OTOH , one of the problem that we are facing is because of too many penny stocks stocks quoting less than 100 cents , the calculations are going for a toss


----------



## woody1984 (1 December 2011)

asxiq said:


> thx for the feedback mate , yes you are right the fundamental data we sourced is a bit out dated , trying to get on to reliable data from capitalIQ or few other quality data providers (in negotiaton phase might complete it by end of december ..) but till then you can use all those predefined as a starting point and use as a starting point for screening the stocks along with other screeners that you use regularly..
> OTOH , one of the problem that we are facing is because of too many penny stocks stocks quoting less than 100 cents , the calculations are going for a toss




thanks for the quick reply.  I was using the Bell Direct data as a comparison.  I'll use the site as a starting point and look forward to the updated data becoming available.

cheers


----------



## tonyh1788 (10 February 2016)

hey guys,

I know this thread is old but. 

I subscribed to ASXIQ and the password and login I received didn't work. 

I tried numerous times to make contact with admins with no result. 

Is there any other similar screeners that are suitable for tech analysis????

very disapointed ASXIQ didnt come through with goods. 

cheers

Tony


----------



## skc (11 February 2016)

tonyh1788 said:


> hey guys,
> 
> I know this thread is old but.
> 
> ...




Try this link. http://traderhq.com/10-best-stock-screeners/

I have no idea if any of these are any good or if they work with ASX stocks.

Please kindly share here if you find anything useful.


----------



## tonyh1788 (12 February 2016)

Thanks for the reply 

It seems these are US sites with no ASX data


----------



## SuperGlue (12 February 2016)

The links below might probably enable you to contact ASXIQ indirectly.
Looks like he has also written 3 books on trading.

http://tradinggame.com.au/introduction-to-backtesting-metrics-part-2/

http://asxiq.com/blog/back-from-summer-vacation/

http://paststat.com/


----------



## tonyh1788 (12 February 2016)

Thanks SuperGlue;898292

really appreciate your help, I will follow that up. 


 its rough being a novice 

cheers


----------



## shulink (24 March 2016)

You can try http://au.stock-screener.org for ASX technical stock screener.


----------



## luckyrabbit523 (22 January 2017)

tonyh1788 said:


> Thanks SuperGlue;898292
> 
> really appreciate your help, I will follow that up.
> 
> ...




Hey mate, 

How did you go getting hold of asxiq? I am experiencing the same problem and am now considering to contact paypal to see if I can get my payment back from them as I am having no luck reaching anyone at asxiq. Very annoying and very dissapointed with the site.


----------



## tonyh1788 (23 January 2017)

luckyrabbit523 said:


> Hey mate,
> 
> How did you go getting hold of asxiq?

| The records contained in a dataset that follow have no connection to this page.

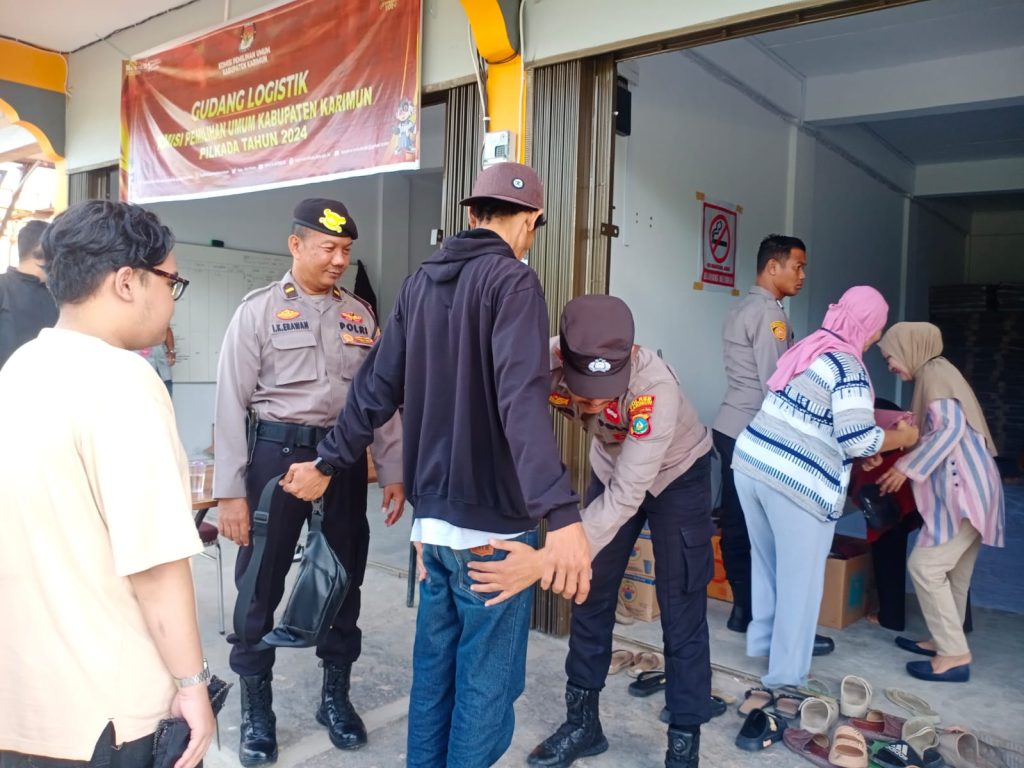 Personel Polres Karimun melaksanakan pengamanan ketat pada proses pelipatan surat suara Pilkada serentak 2024 dipimpin IPDA I Ketut Erawan selaku Perwira Pengendali, di gudang penyimpanan logistik Komisi Pemilihan Umum (KPU) Kabupaten Karimun pada Selasa (05/11/2024).
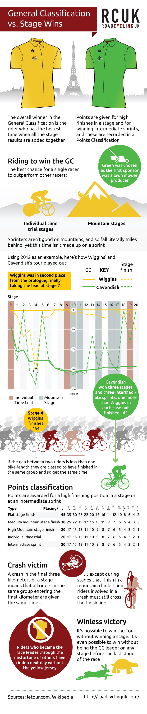 For a better understanding of the races within a race for the maillots jaune and vert, check out the infographic below, the second in a series to run throughout the Tour de France.
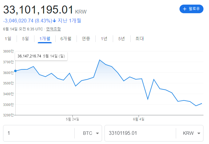 비트코인은 2023년 6월 13일 현재 약 3천3백만원에 거래되고 있으며, 시가총액은 약 5천억달러(약 6천조원)입니다. 비트코인은 최근 몇 달간 3천만원에서 4천만원 사이에서 등락을 반복하고 있으며, 변동성이 높은 상태입니다.
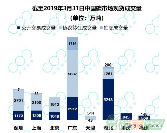 截至2019年3月31日,9個備案的交易所共成交CCER 1.76億噸,其中上海成交7833.2萬噸,占比約44%。3月,上海、廣東、北京、深圳、
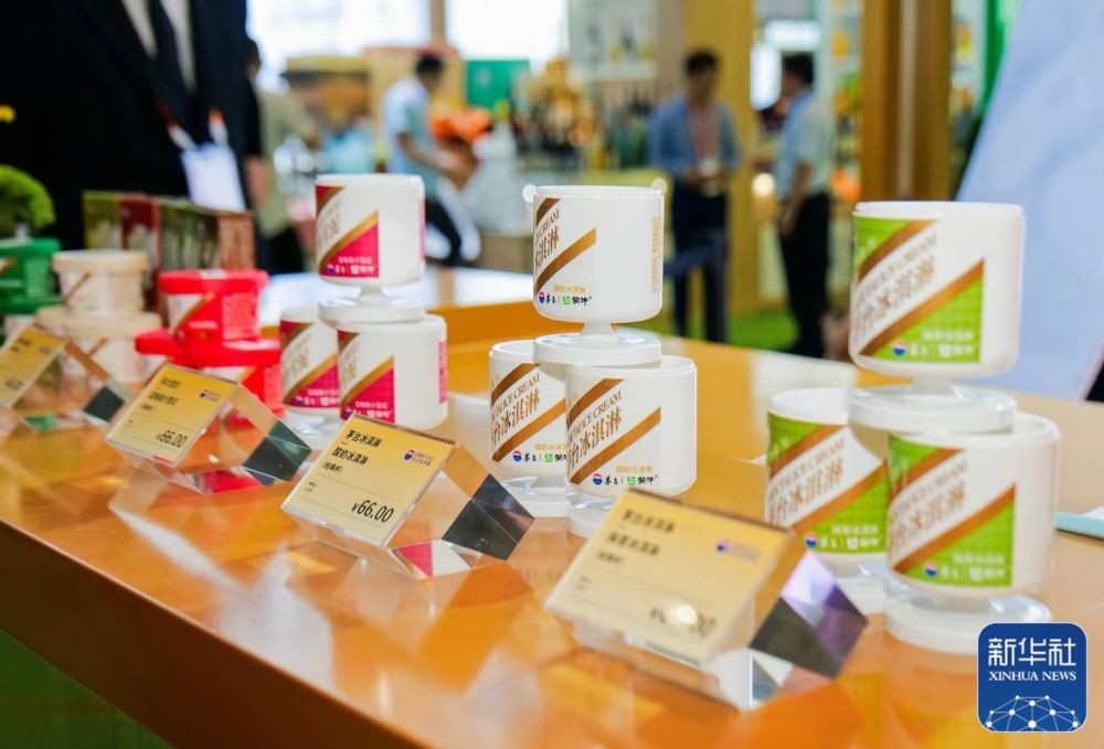 茅臺展區(qū)展示的茅臺冰淇淋。近年來,茅臺不斷推出文創(chuàng)產品,品牌年輕化成效顯著。新華社記者王楚天 攝
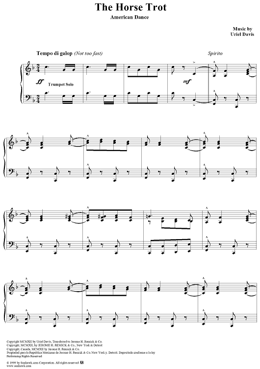 Digital Sheet Music for Horse Trot (American Dance) by Uriel Davis scored for Piano/Vocal; id:271921
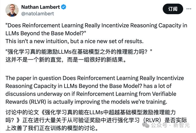 「也许关于强化学习是否激励了推理能力并不是一个直觉,而是一组有依据的新成果」。
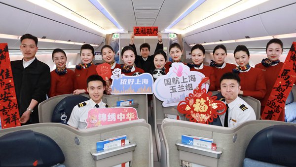 从上海浦东飞往新加坡的国航CA825航班以福字、中国结、缤纷新春挂饰增添年味,并推出妙趣横生的团扇拓印活动,旅客亲手拓下美好新春祝愿。
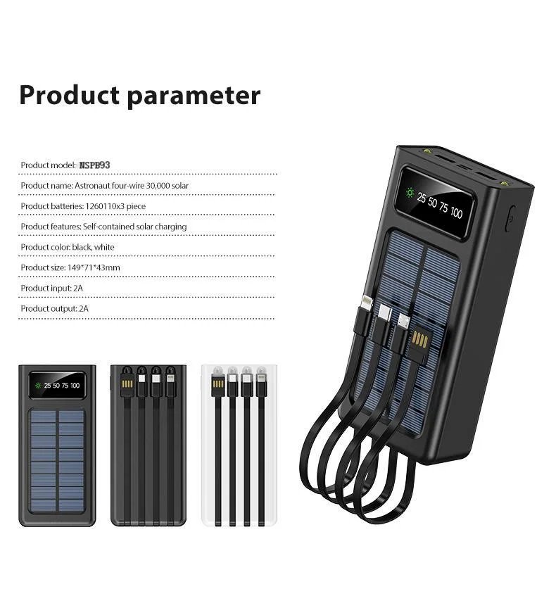 Support solar charging. It will never be powered off, and it comes with four charging cables, adapting to all kinds of equipment, and very suitable for outing use.
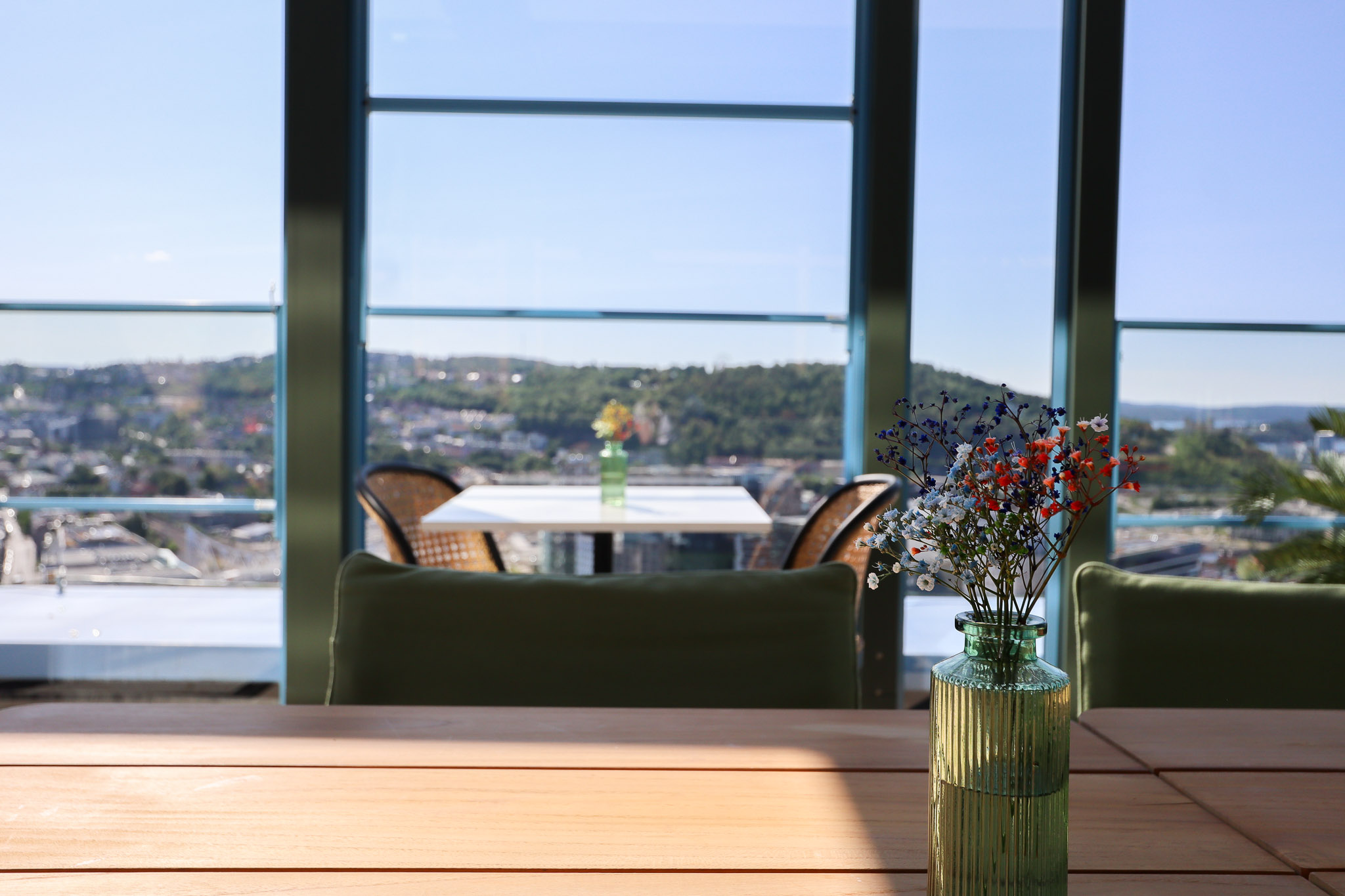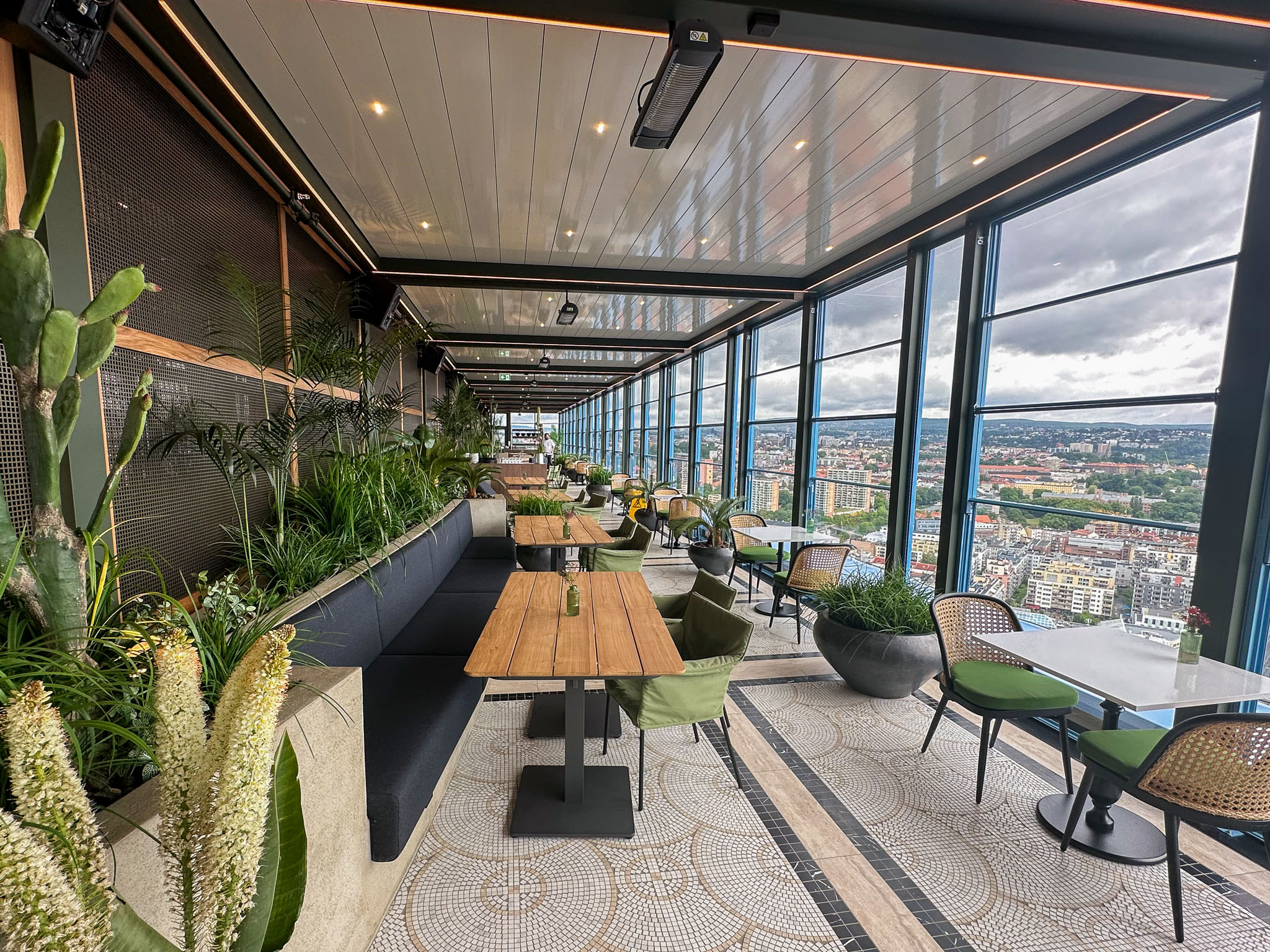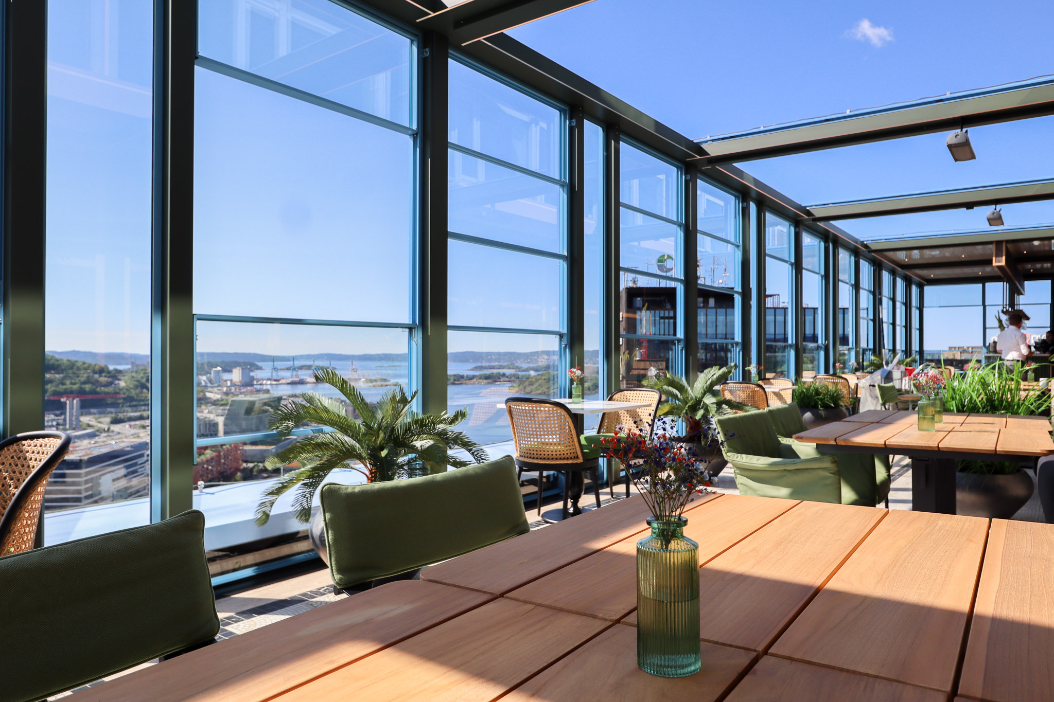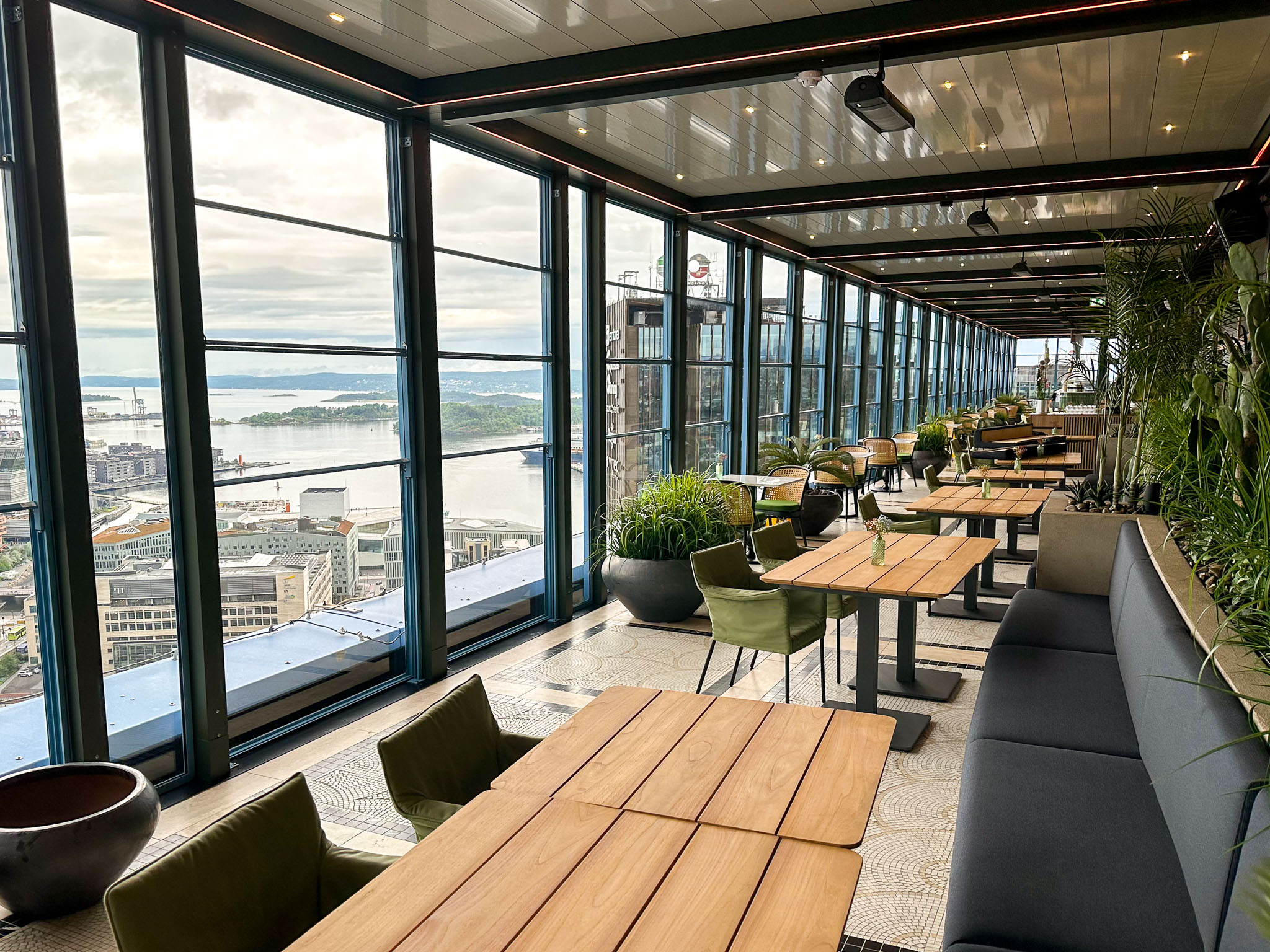 På selve åpningsdagen var det fortsatt noe aktivitet på takterrassen, og finpussen fortsatte helt frem til siste timen. Alt så plettfritt ut og Oslo Plaza kunne med stolthet åpne Skandinavias høyest beliggende uteservering og ønske alle besøkende hjertelig velkommen!
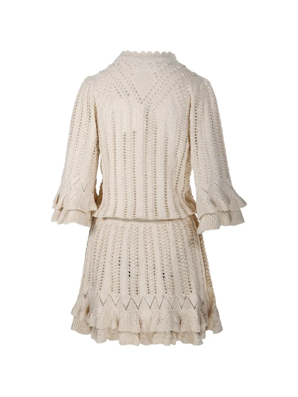 Офлайн вязаный джемпер с оборками, круглым вырезом, рукавами три четверти и ажурными вставками
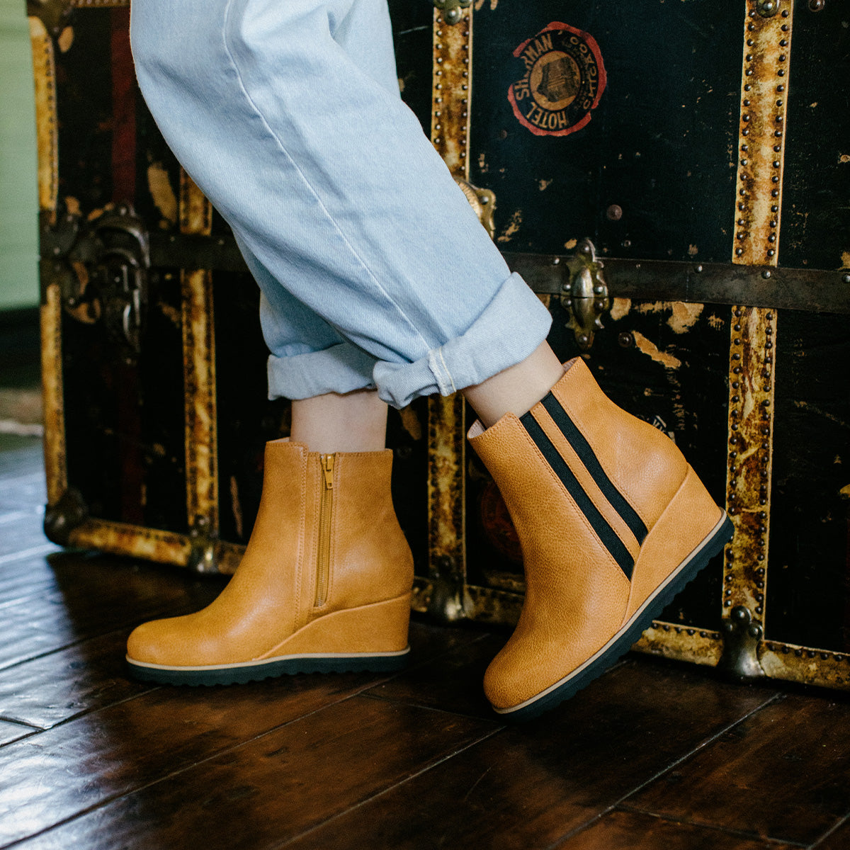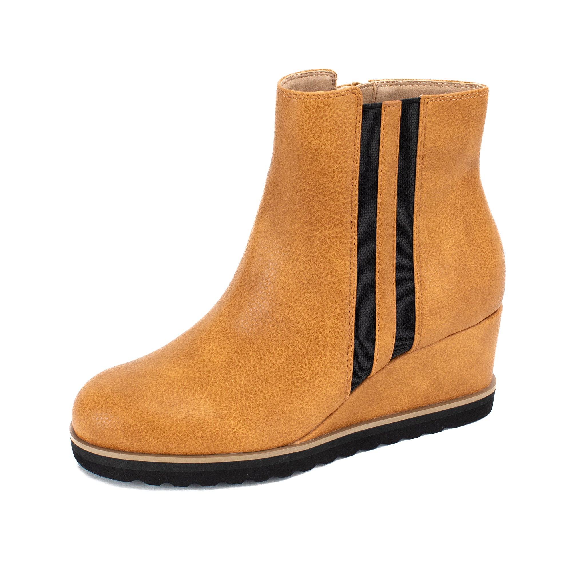 Classic stripes never go out of style. Wear the look in the CEFFA wedge boots with a striped elastic panel for flexible fit.

I am experiencing the same problem and am now considering to contact paypal to see if I can get my payment back from them as I am having no luck reaching anyone at asxiq. Very annoying and very dissapointed with the site.




hey rabbit 
Yeah i lodged a dispute with paypal and got in contact with the guy and was fully refunded. Not sure what the deal is to be honest but the guy seemed nice enough and was launching another similar setup I did not really look further into. 

I now subscribe to metastock australia paying bout 60/m and It has a pretty comprehensive screening "explorer".  

hope this helps
tony


----------